ACTION ITEM = The whole listing below, with no pictures, is to be repeated as it stands.

COLLECTED DATA =
Segment Open

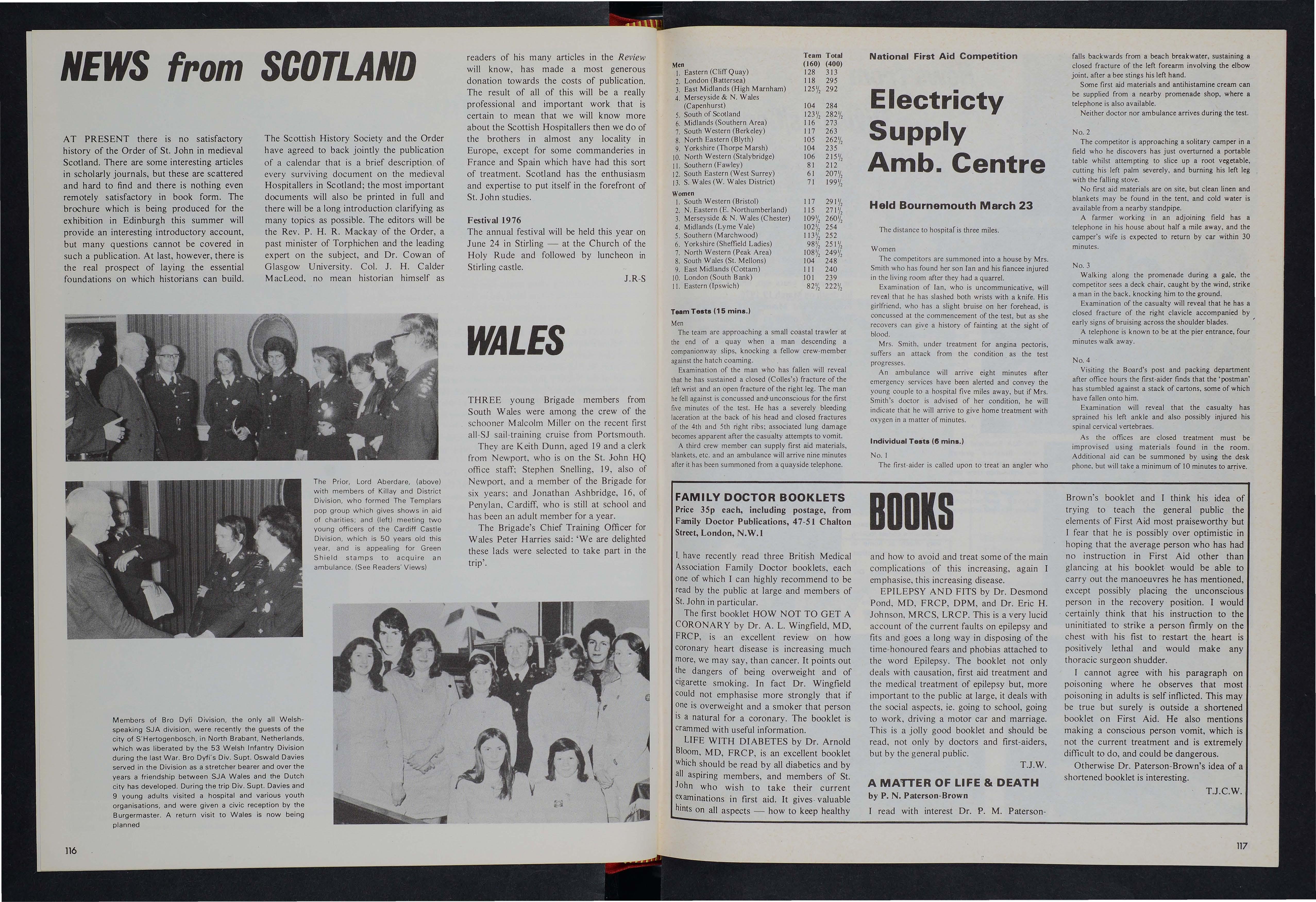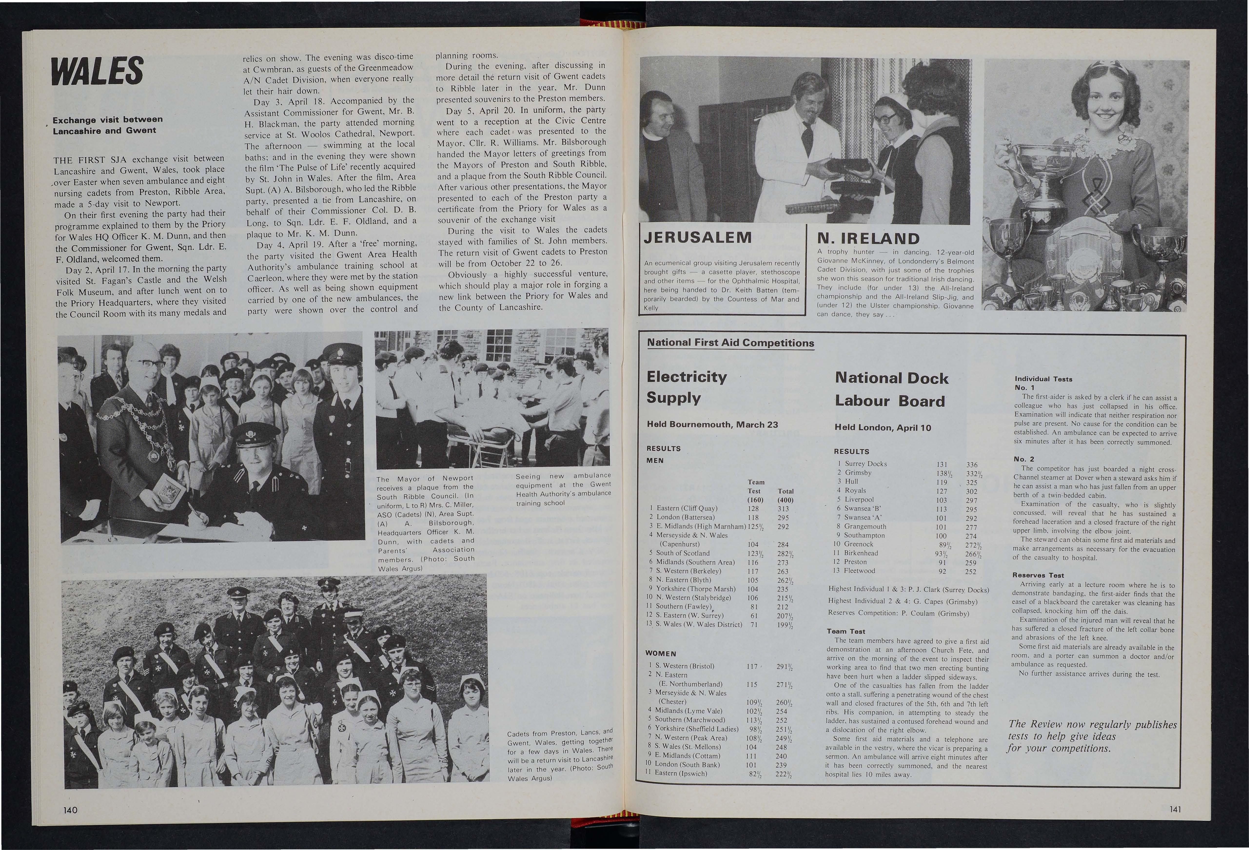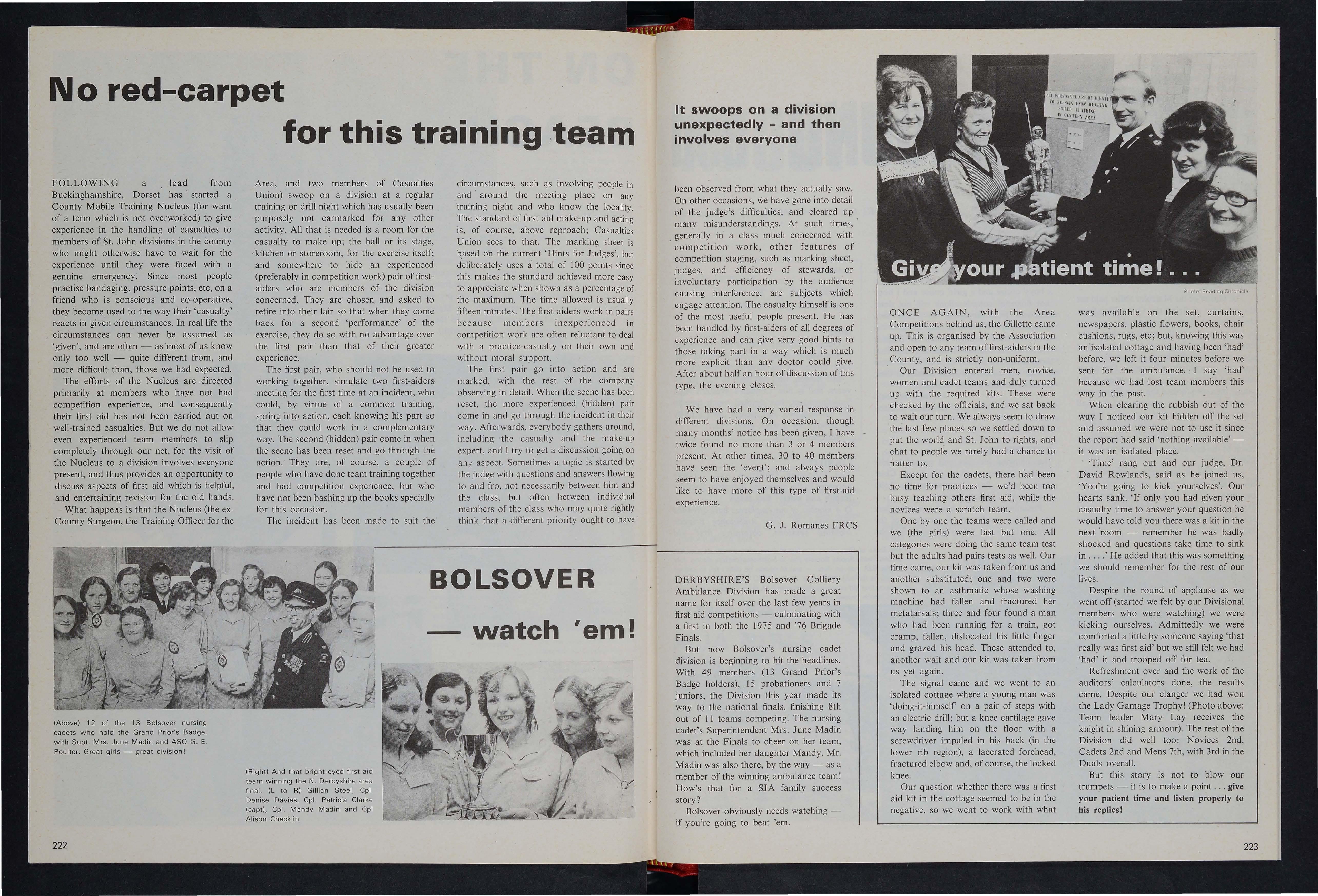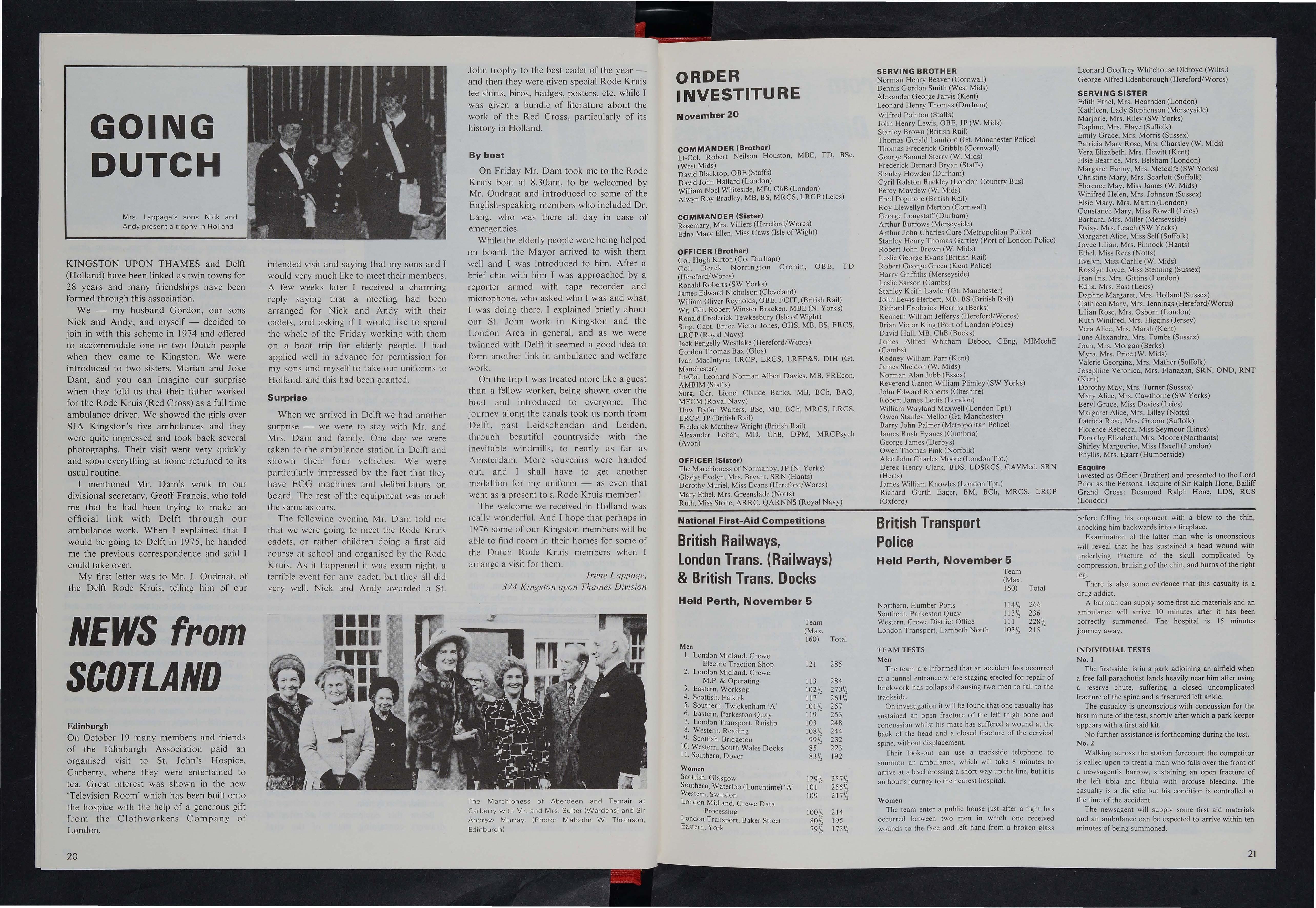 The - winning team in the men's competition for 1975 was the Fire Brigade team from the County of Avon; the Lancashire Constabulary team (the previous year s winners) came second , and the Port of London Authority Police team were third In the women's competition the winners were a smashing team of girls from the Lancashire Constabulary; a team representing British Railways from Glasgow came second , and a Cornish team from English Clays Lovering & Poch i n Co. Ltd. came third. Congratulations to them all- and indeed to all those who competed - remembering that the whole object of the exercise is not primarily to win a trophy (splendid though that is for those who do so) but to make each one of us better able to give compassionate and life-saving help to our fellow human beings at any moment of accident, suffering or distress , "and that ' in this game there are no real losers
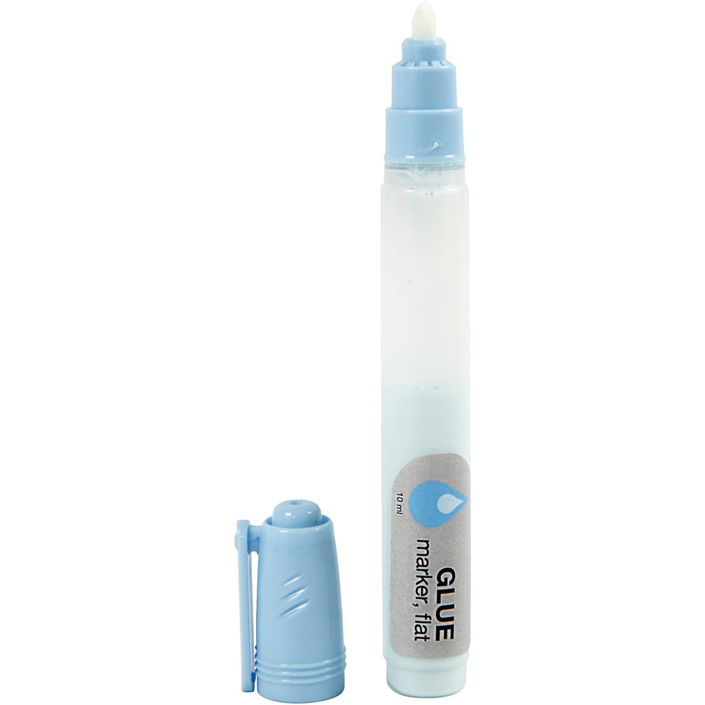 Glue marker with flat felt tip. Suitable for gluing smaller details on paper, cardboard, etc. Ideal for scrapbooking, paper decorations, glue foil decoration, such as stamp lining and effects with, for example, glitter and sequins. Glue Marker, 10 g, 1 pc
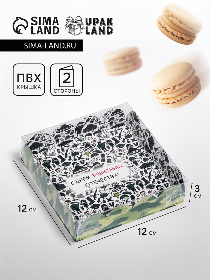 Коробка для печенья, «С Днем защитника Отечества» 12×12×3

Segment Closed

COMPLETED EXERCISE =
 The - winning team in the men's competition for 1975 was the Fire Brigade team from the County of Avon; the Lancashire Constabulary team (the previous year s winners) came second , and the Port of London Authority Police team were third In the women's competition the winners were a smashing team of girls from the Lancashire Constabulary; a team representing British Railways from Glasgow came second , and a Cornish team from English Clays Lovering & Poch i n Co. Ltd. came third. Congratulations to them all- and indeed to all those who competed - remembering that the whole object of the exercise is not primarily to win a trophy (splendid though that is for those who do so) but to make each one of us better able to give compassionate and life-saving help to our fellow human beings at any moment of accident, suffering or distress , "and that ' in this game there are no real losers
 Glue marker with flat felt tip. Suitable for gluing smaller details on paper, cardboard, etc. Ideal for scrapbooking, paper decorations, glue foil decoration, such as stamp lining and effects with, for example, glitter and sequins. Glue Marker, 10 g, 1 pc
 Коробка для печенья, «С Днем защитника Отечества» 12×12×3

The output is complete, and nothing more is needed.